Task inputs »
★ ★ ★ ★ ★ ★ ★

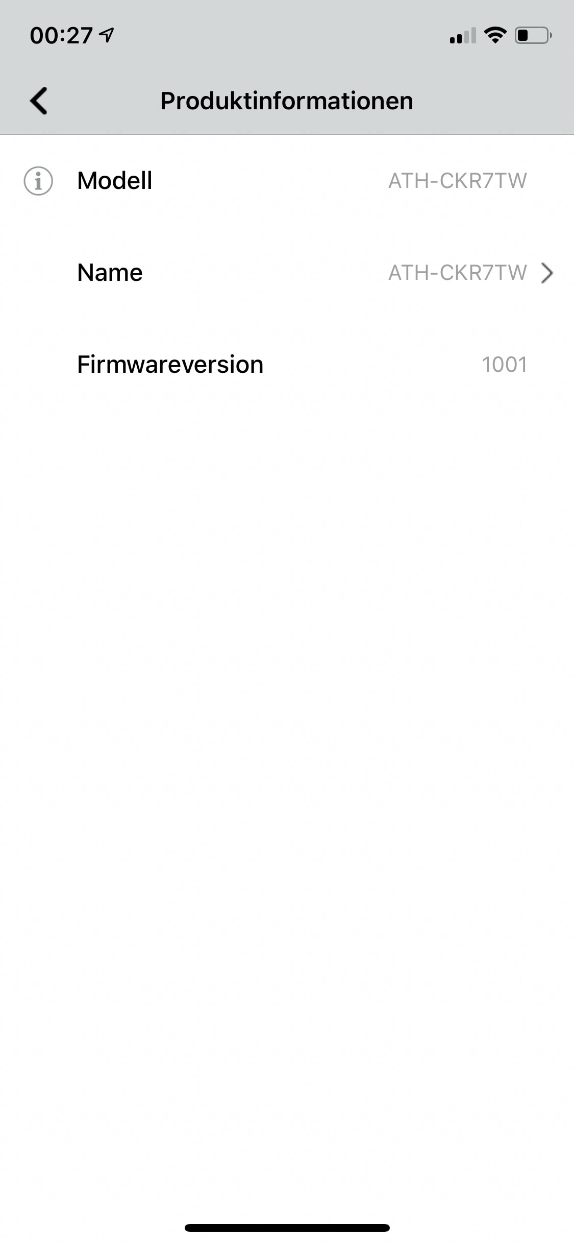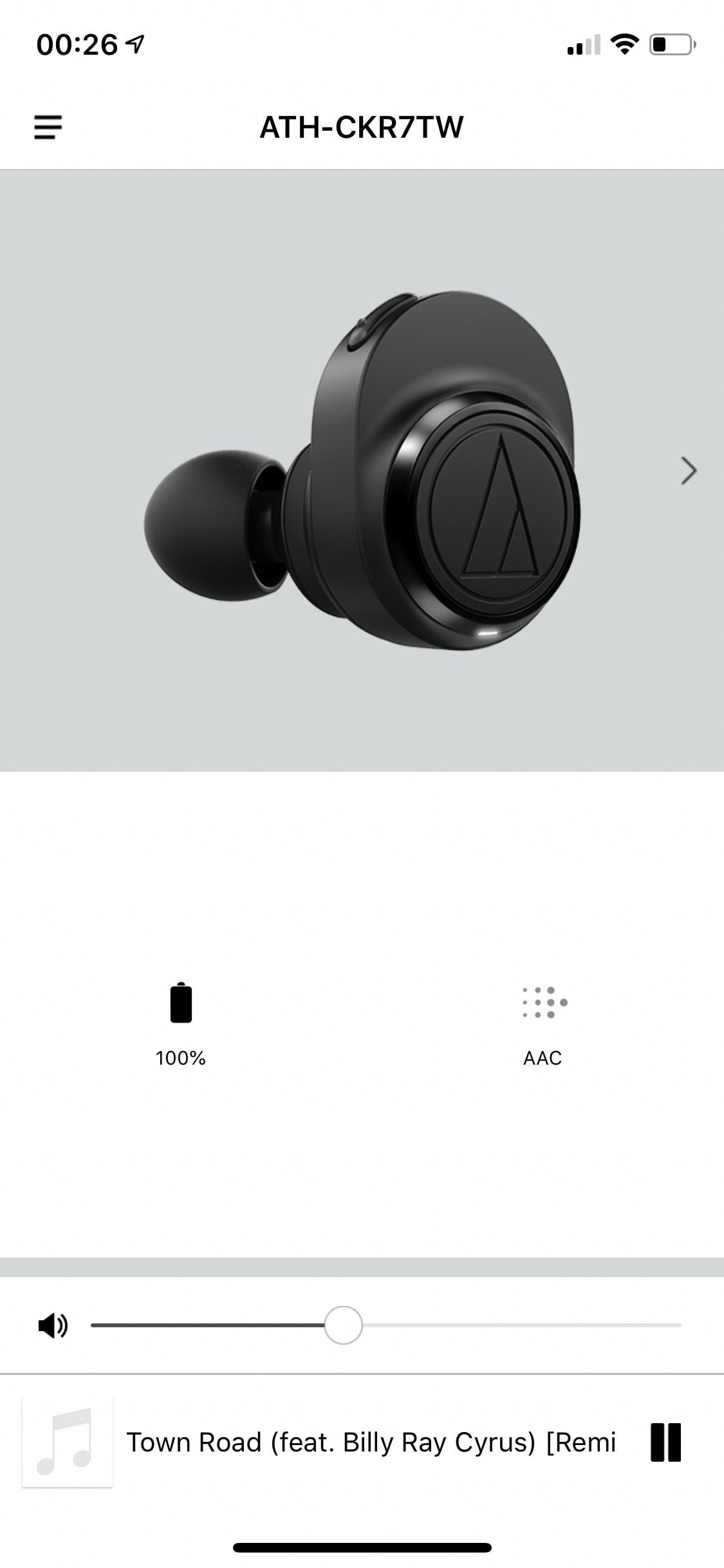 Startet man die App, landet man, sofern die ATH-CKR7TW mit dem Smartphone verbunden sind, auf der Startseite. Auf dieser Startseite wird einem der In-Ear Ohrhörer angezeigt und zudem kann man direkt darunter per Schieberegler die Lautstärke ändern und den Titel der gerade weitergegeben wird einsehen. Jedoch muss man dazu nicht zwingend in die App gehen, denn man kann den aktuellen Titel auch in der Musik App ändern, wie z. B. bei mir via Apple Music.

★ ★ ★ ★ ★ ★ ★

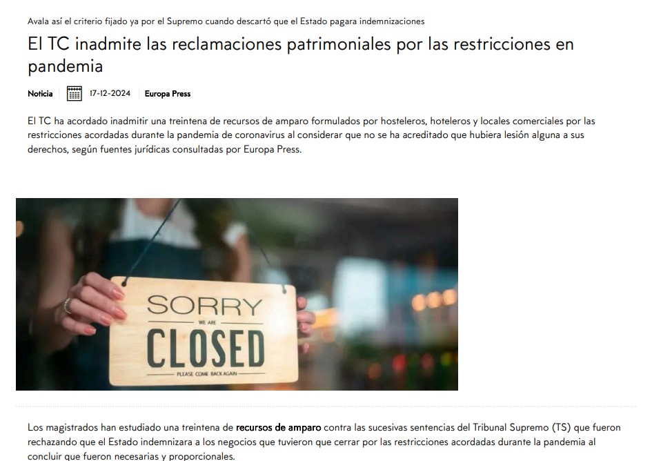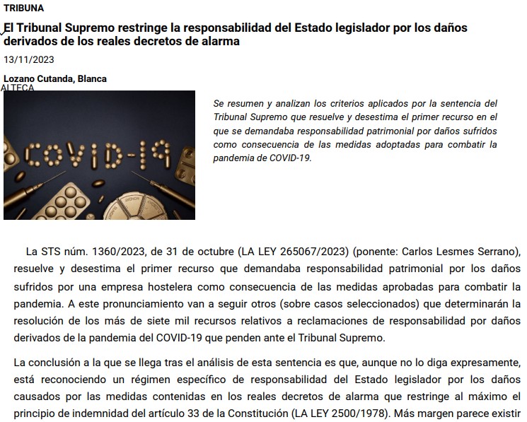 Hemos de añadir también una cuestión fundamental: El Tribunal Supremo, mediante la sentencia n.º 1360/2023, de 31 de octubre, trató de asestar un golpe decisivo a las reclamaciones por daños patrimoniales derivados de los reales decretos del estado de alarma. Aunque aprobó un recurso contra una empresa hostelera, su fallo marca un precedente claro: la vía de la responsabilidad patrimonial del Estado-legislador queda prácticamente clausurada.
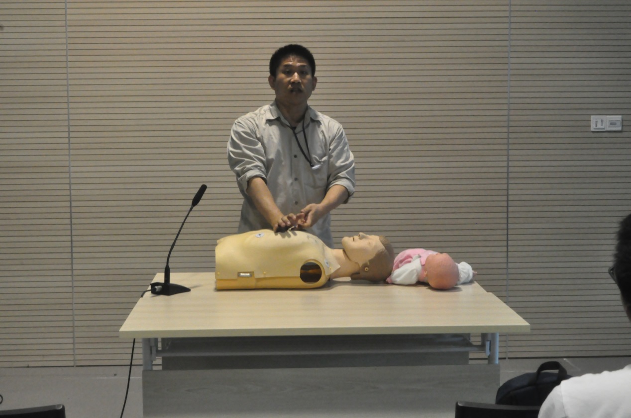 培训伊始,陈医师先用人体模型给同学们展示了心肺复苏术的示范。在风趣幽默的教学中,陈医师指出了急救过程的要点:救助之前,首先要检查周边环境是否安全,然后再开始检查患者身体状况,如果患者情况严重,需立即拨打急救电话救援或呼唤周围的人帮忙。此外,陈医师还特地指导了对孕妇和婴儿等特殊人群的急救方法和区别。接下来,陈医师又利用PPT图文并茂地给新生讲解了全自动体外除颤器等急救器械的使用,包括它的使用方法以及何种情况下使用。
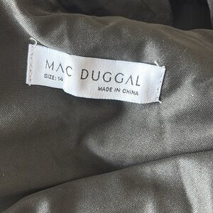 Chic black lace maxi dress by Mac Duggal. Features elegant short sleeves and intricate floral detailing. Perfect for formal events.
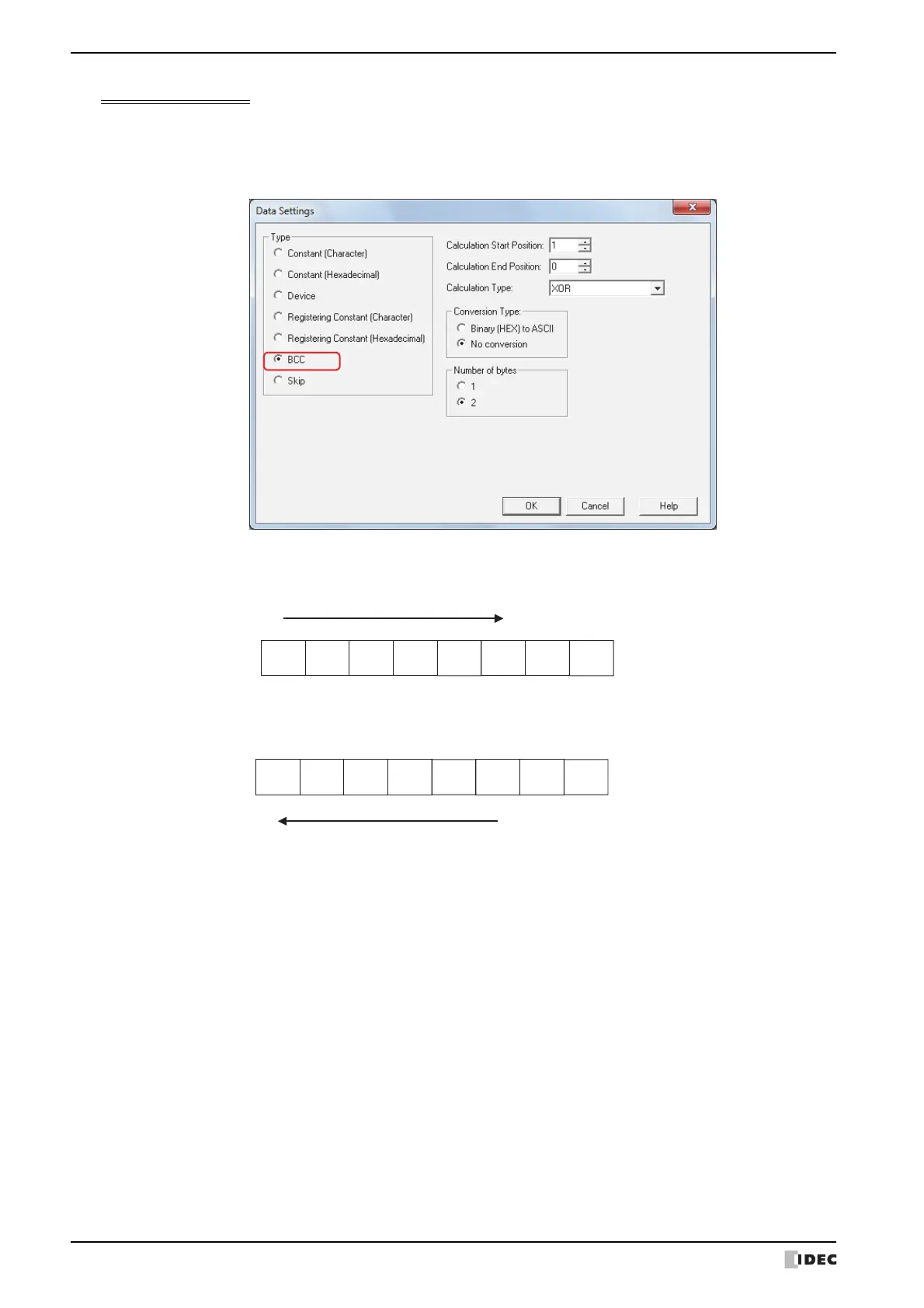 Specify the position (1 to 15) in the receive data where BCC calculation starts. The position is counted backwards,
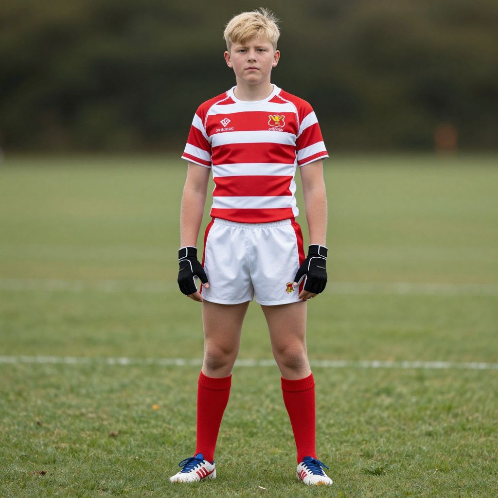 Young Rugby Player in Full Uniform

★ ★ ★ ★ ★ ★ ★

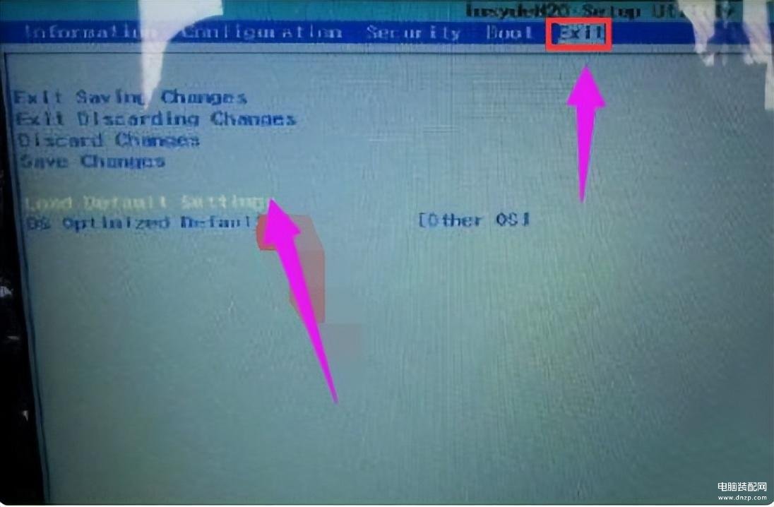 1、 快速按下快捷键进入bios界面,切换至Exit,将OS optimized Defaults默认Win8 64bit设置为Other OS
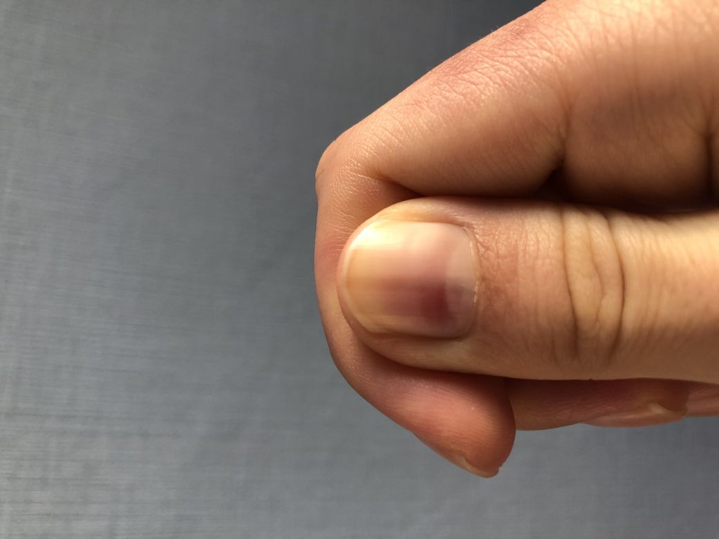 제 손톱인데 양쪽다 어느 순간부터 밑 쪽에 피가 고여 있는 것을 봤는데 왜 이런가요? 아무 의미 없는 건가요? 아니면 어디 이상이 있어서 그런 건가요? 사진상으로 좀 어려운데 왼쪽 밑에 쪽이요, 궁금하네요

★ ★ ★ ★ ★ ★ ★

Could you repeat, exactly, only the lines above starting at the one that has "Chic black lace" and stopping after the one that has "Young Rugby Player in Full Uniform", without the pictures?

 Chic black lace maxi dress by Mac Duggal. Features elegant short sleeves and intricate floral detailing. Perfect for formal events.
 Specify the position (1 to 15) in the receive data where BCC calculation starts. The position is counted backwards,
 Young Rugby Player in Full Uniform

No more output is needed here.